In the data below, find the line with "о своих спутниках." and the line with "40s ユーロ ヴィンテージ", then restate both and every line between them exactly, minus the pictures.

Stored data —
--

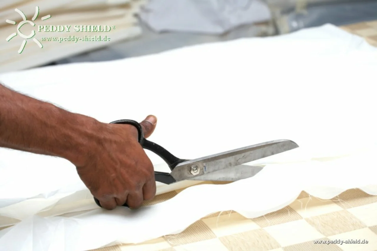 Unser Nähservice kürzt Ihr Sonnensegel und näht wieder einen 2 cm Randsaum an.
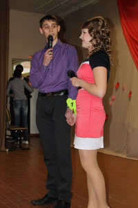 Конкурсанты подготовили «визитки» и самопрезентации. Они мужественно прошли все испытания: показали себя, объяснились без слов. Молодые люди, закрыв глаза, узнали своих прекрасных дам по прикосновению к носу, а девушки ответили на каверзные вопросы о своих спутниках.
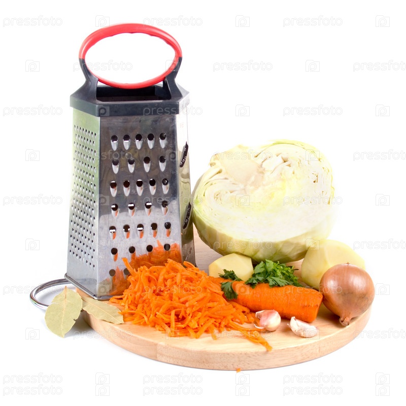 Свежие овощи для приготовления супа и терка на разделочной доске
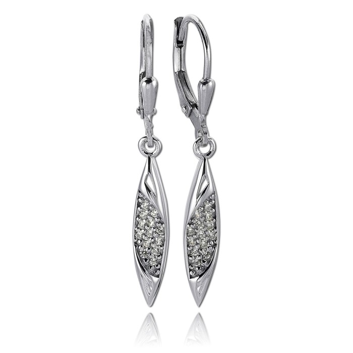 Elegante Damenohrringe aus 925er Sterling Silber mit polierter Oberfläche. Die Ohrhänger haben eine ovale Surfbrettform. Die funkelnden Zirkonia vollenden die Eleganz der Ohrringe.
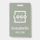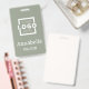 This design captures maximum elegance with a completely unified, solid sage green background that looks incredibly chic. The striking contrast of the white logo and text makes your branding pop, providing high visibility in a beautifully cohesive manner. By emphasizing the company emblem and employee name within this rich, single-color palette, this design offers a sophisticated, monochromatic choice for premium identification.
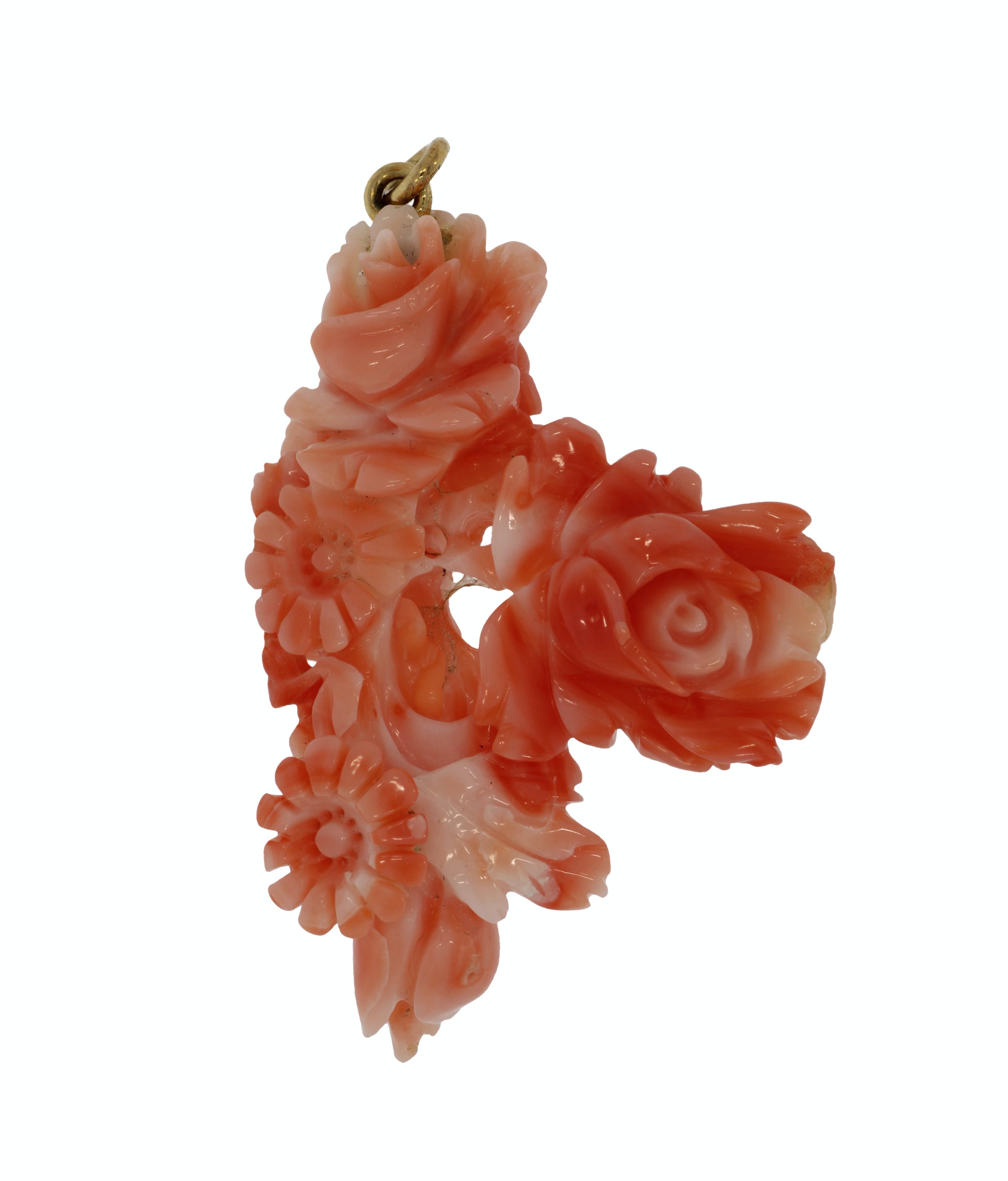 Grote handgesneden koraal hanger in de vorm van rozenbloemen aan 18 karaats gouden hangoog. Uniek en in opdracht vervaardigd sieraad, verzamelaarsitem. Afmetingen van dit sieraad zijn 52x34mm, gewicht 15 gram.
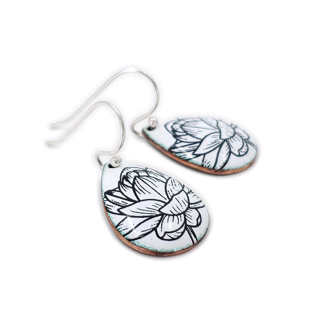 Earrings - Lotus Small Teardrop (White) by Magpie Mouse Studios
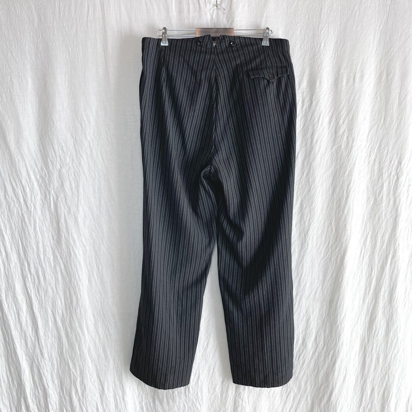 40s ユーロ ヴィンテージ ブラック ストライプ スラックスパンツ W36 フランス フレンチ アンティーク
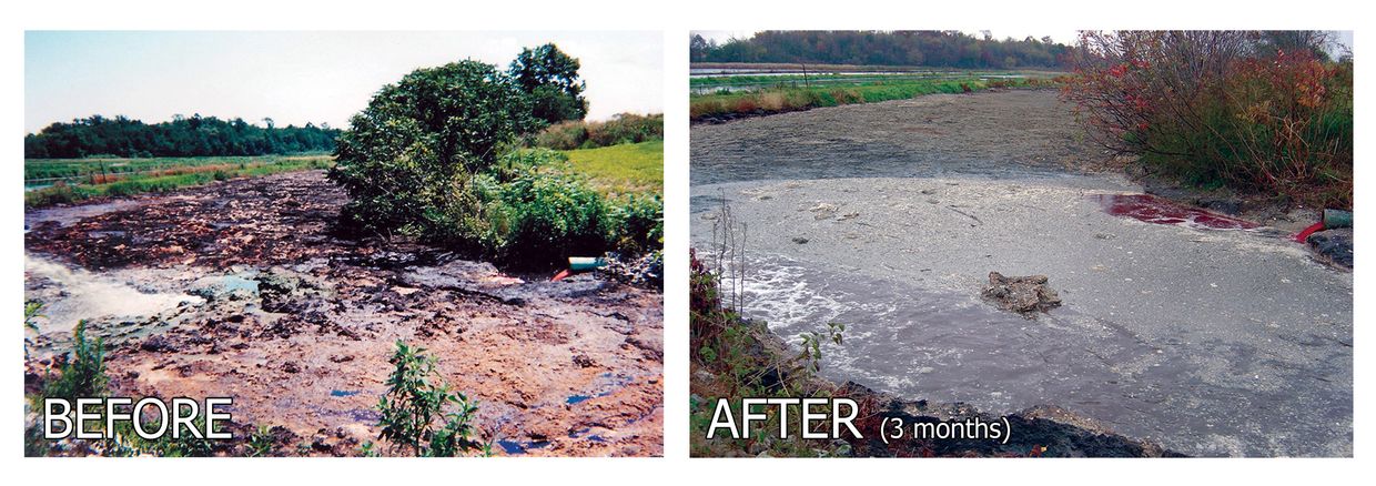 "We had an overwhelming sludge accumulation in our two 10-acre cells, and rather than having it dredged and hauled, we decided to try your Sludgebugs Lagoon Blend 2-year aggressive treatment program. After two years, we had eliminated 75% of the sludge volume. We saw a 3-foot reduction in the 5-foot sludge mounds at both inlet pipes. We also noticed that the 10-12 inches of sludge around the perimeter of each pond disappeared, and virtually all of the floating debris was eliminated in the first week of use."
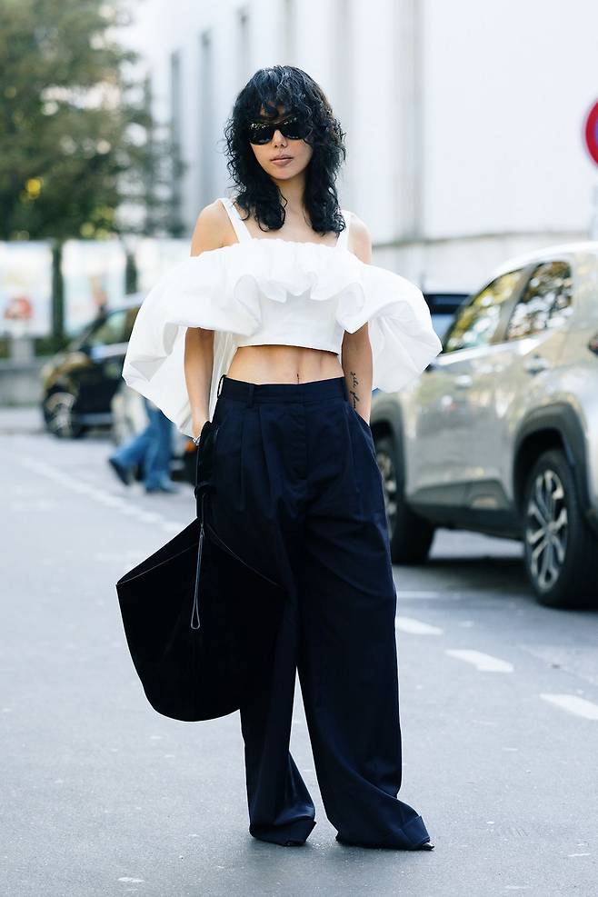 와이드 팬츠를 드레시하게 해석하고 싶다면 러플 장식의 오프숄더 톱 을 활용해보세요. 풍성한 러플과 간결한 팬츠의 무게감이 어우러지면 드레스보다도 더 강력한 존재감을 발휘하거든요. 힘을 뺀 듯하지만 자신감 넘치는 애티튜드야말로 이 룩의 핵심이죠.
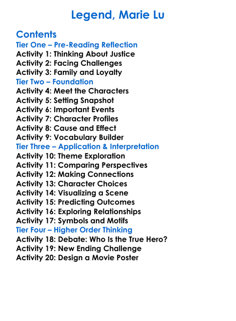 Legend Marie Lu Worksheet Activity Booklet
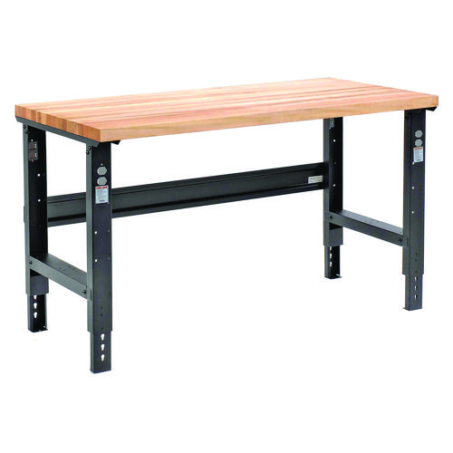 Standard Duty Butcher Block Top Adjustable Height Workbench, 2,000 lbs, 60 x 30 x 30.88 to 36.88, Birch/Black
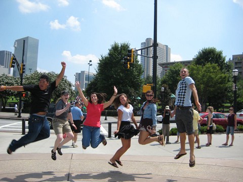 When we went back to the park, we saw a couple of World Race squads with signs for free hugs so we talked to them. While we were there, we met a recent Georgia Tech graduate from France named Florian. We talked to him for awhile about the World Race and God. We also gave him our blog information so he could stay connected with us. We look forward to what God will do in his life.
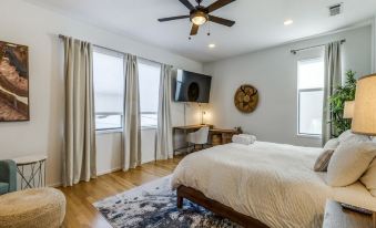 • Bedroom with a Casper queen bed, full-size dresser, 55-inch TV, and premium window treatments.
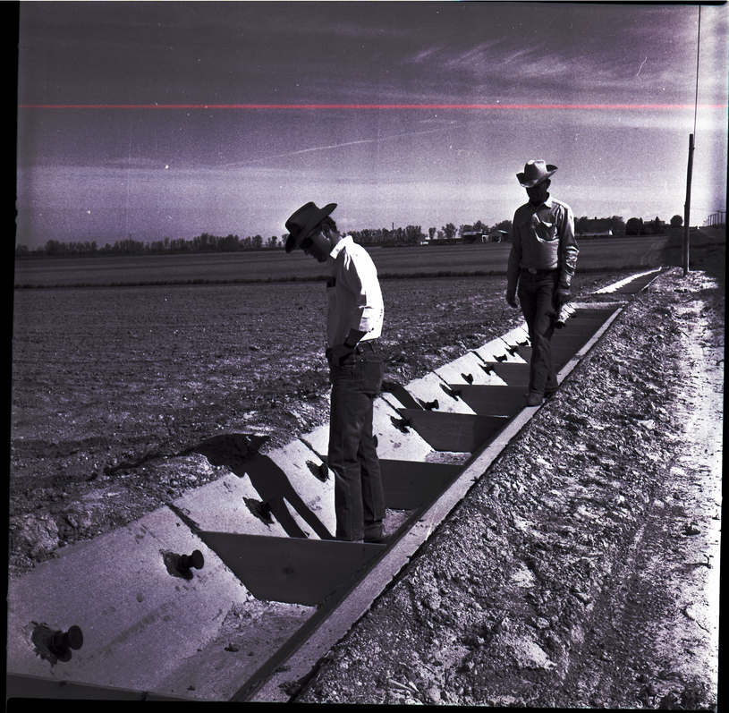 Peter Link Jr. and Lee McCoy look over a new type of irrigation system in a field on a farm south of Hansen. This system, the first of its kind in the area, is a concrete-lined ditch with plastic tubing for each corrugate set in the concrete. The farmers are wearing cowboy hats. Fields stretch out into the distance, and trees and houses line the horizon.

--

Answer to this task —
 Конкурсанты подготовили «визитки» и самопрезентации. Они мужественно прошли все испытания: показали себя, объяснились без слов. Молодые люди, закрыв глаза, узнали своих прекрасных дам по прикосновению к носу, а девушки ответили на каверзные вопросы о своих спутниках.
 Свежие овощи для приготовления супа и терка на разделочной доске
 Elegante Damenohrringe aus 925er Sterling Silber mit polierter Oberfläche. Die Ohrhänger haben eine ovale Surfbrettform. Die funkelnden Zirkonia vollenden die Eleganz der Ohrringe.
 This design captures maximum elegance with a completely unified, solid sage green background that looks incredibly chic. The striking contrast of the white logo and text makes your branding pop, providing high visibility in a beautifully cohesive manner. By emphasizing the company emblem and employee name within this rich, single-color palette, this design offers a sophisticated, monochromatic choice for premium identification.
 Grote handgesneden koraal hanger in de vorm van rozenbloemen aan 18 karaats gouden hangoog. Uniek en in opdracht vervaardigd sieraad, verzamelaarsitem. Afmetingen van dit sieraad zijn 52x34mm, gewicht 15 gram.
 Earrings - Lotus Small Teardrop (White) by Magpie Mouse Studios
 40s ユーロ ヴィンテージ ブラック ストライプ スラックスパンツ W36 フランス フレンチ アンティーク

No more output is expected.